James best video, The Square Root of Two is Irrational, was far less media-saturated. Instead, luscious black and white footage depicts trains in a western landscape, centering on a generic man standing outdoors, writing equations on a schoolroom-style chalkboard. The board is transparent glass, allowing us to see a conical hill, centered behind the board, in the background. The man methodically proceeds to demonstrate the mathematical proof of the title statement, annotating the landscape with numbers and symbols. As he lectures, something amazing happens: a freight train appears from a tunnel at the base of the hill and spirals up and around it on tracks that make a complete 360 degree loop, eventually passing behind the math teacher in the foreground. Why this surreal track layout was built, or where it is, I don’t know, but the synergy between the geometric landscape and equations is weirdly compelling.

Healing Light Comfort Zone TV 1:01:20 loop, 2014

Healing Light Comfort Zone TV 1:01:20 loop, 2014

In Healing Light comfort Zone TV, James and Meredith Carter host a call-in self-help talk show, sitting on a blanket in the lower corner of the screen presenting filmed and Skype introducing  gurus JD Emmanuel, Iasos, Kat Epple, and Dick Sutphen, a video version of the live performance in the gallery.

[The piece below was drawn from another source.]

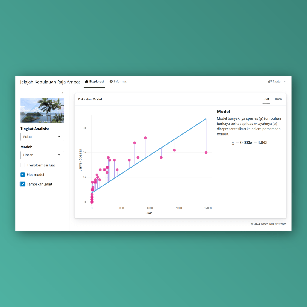Aktivitas pembelajaran interaktif ini mengajak untuk menjelajah Kepulauan Raja Ampat dengan menggunakan berbagai macam fungsi. Melalui aktivitas ini, kamu akan melihat bagaimana pemanfaatan fungsi untuk memodelkan banyaknya spesies terhadap luas wilayahnya. Ayo buka aktivitas ini!

On Saturday night, the floor was too cold for the planned yoga-mat session, so we stood through fifteen minutes of sun circles, chakra focuses, and deep breathing, led by Corvette Carter’s vapid new-age poetry. Next, James delivered a sermon. In the reverent semi-whisper Garrison Keillor uses to recite poetry on NPR, he gave us the sci-fi gospel according to William Gibson: our true selves are software inside our skulls, fed a mediated experience of the world through the senses. It was pathetic, unexpectedly sincere, and embarrassing.

Ian James, left, J.D. Emmanuel, keyboards, ar right.

Ian James, left, J.D. Emmanuel, keyboards, at right.

Then J.D. Emmanuel, who had been noodling keyboards in the background, began to play in earnest. His performance was a 16 minute synthesized head-trip soundscape, locked into the seventies by the sounds of his vintage electronic instruments. He’s got every right: he began making this kind of music back then, and was presented, like other artifacts in the show, as a rediscovery by a younger generation of California seekers.

In the 90’s, this kind of slacker art would have been steeped in irony; here there’s a softer, millennial acceptance: though the absurdity of the Sedona Vortex phenomenon (and its guru, Dick Sutphen, represented as a grinning cardboard standee) and the worship of potted houseplants (in an hour long video) are amply evident, they are accompanied by an almost contrarian will to believe.

Ian James: In the Caverns of Your Mind will be on view by appointment at Self-Actualization Gallery through February 15.